The twentieth century saw the spectacular growth of Christianity in much of the global south, the transformation of mission fields into self-governing Churches, schemes of church union (some successful, others abortive), evolving attitudes to other faiths and significant Christian engagement with issues of racial justice and world poverty. This book examines the contribution of the Methodist Missionary Society (and its predecessors before 1932) to these world-changing movements, from the remarkable mass conversions in south-west China and west Africa early in the century to the controversy over grants to liberation movements in the 1970s and 1980s.

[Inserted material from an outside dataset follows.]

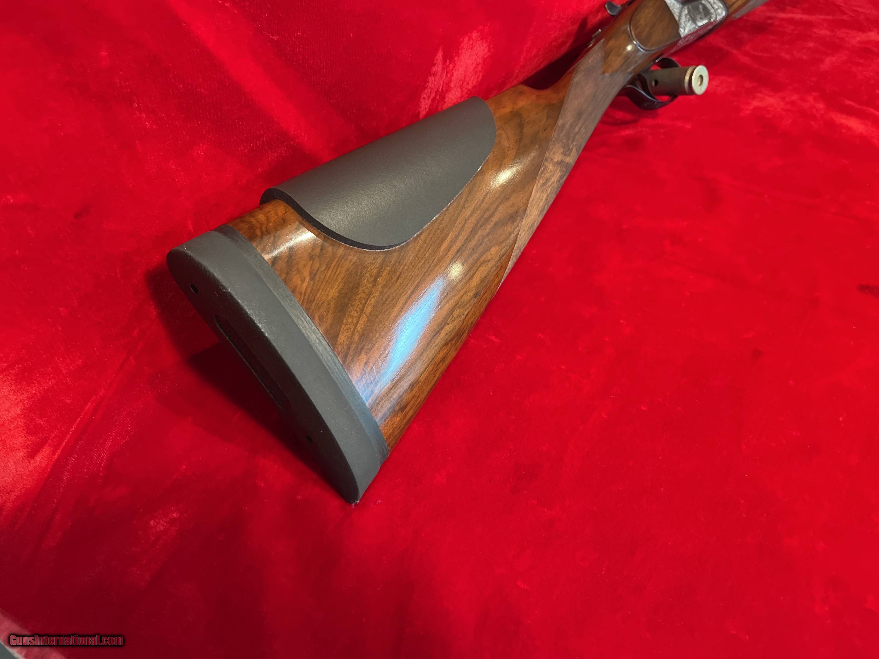 Description: Up for sale we have a stunning Beschi 20 Gauge SXS IC/IM withan Engraved Receiver. This is a beautiful side by side shotgun in great condition that looks to have seen light use but maintains a beautiful stock and finish. The owner added a cheekpad on the stock which can be easily removed if not desired. I must say if the intent is to shoot skeet or sporting clays with this shotgun it is quite comfortable for shouldering. The barrel is 26 inches long and chambered for 3 “ shells. The length of pull is 14.75 to the end of the buttpad and 14 to the end of the wood. The drop at heel is 2.5 inches. The drop at comb is 1.5 This is a cast off shotgun intended for a right hand shooter. The action is smooth and trigger pull breaks clean. The lockup is tight and the beavertail is well right as if not broken in. The receiver is engraved beautifully on a silver coin finish giving it a beautiful tone. Beschi is manufactured in Italy and imported. This gun would make a beautiful collection piece or range gun. SOLD Shotgun Gauge: 20 Gauge |

Pritchard traces the MMS contribution to education, health care, rural development and social welfare and describes the administration of the Societies and the selection and preparation of candidates for missionary service. This is a ground-breaking study of Methodist Overseas Mission in the twentieth century, how it adjusted to changing circumstances - including the forced withdrawals from China and Burma - and developed new initiatives and partnerships, including its World Church in Britain programme which brought missionaries from the younger Churches to serve in Britain and Ireland.


Methodism played an important part in the spread of Christianity from its European heartlands to the Americas, Asia, Africa and the Pacific. From John Wesley’s initial reluctance, via haphazard ventures and over-ambitious targets, a well-organized and supported Wesleyan Society developed. Smaller branches of British Methodism undertook their own foreign missions. This book, together with a companion volume on the 20th century, offers an account of the overseas mission activity of British and Irish Methodists, its roots and fruits. John Pritchard explores many aspects of mission, ranging from Labrador to New Zealand and from Sierra Leone to Sri Lanka, from open air preaching to political engagement, from the isolation of early pioneers to the creation of self-governing churches. Tracing the nineteenth-century missionary work of the Churches with Wesleyan roots which went on to unite in 1932, Pritchard explores the shifting theologies and attitudes of missionaries who crossed cultural and geographical frontiers as well as those at home who sent and supported them. Necessarily selective in the personalities and events it describes, this book offers a comprehensive overview of a world-changing movement - a story packed with heroism, mistakes, achievements, frustrations, arguments, personalities, rascals and saints.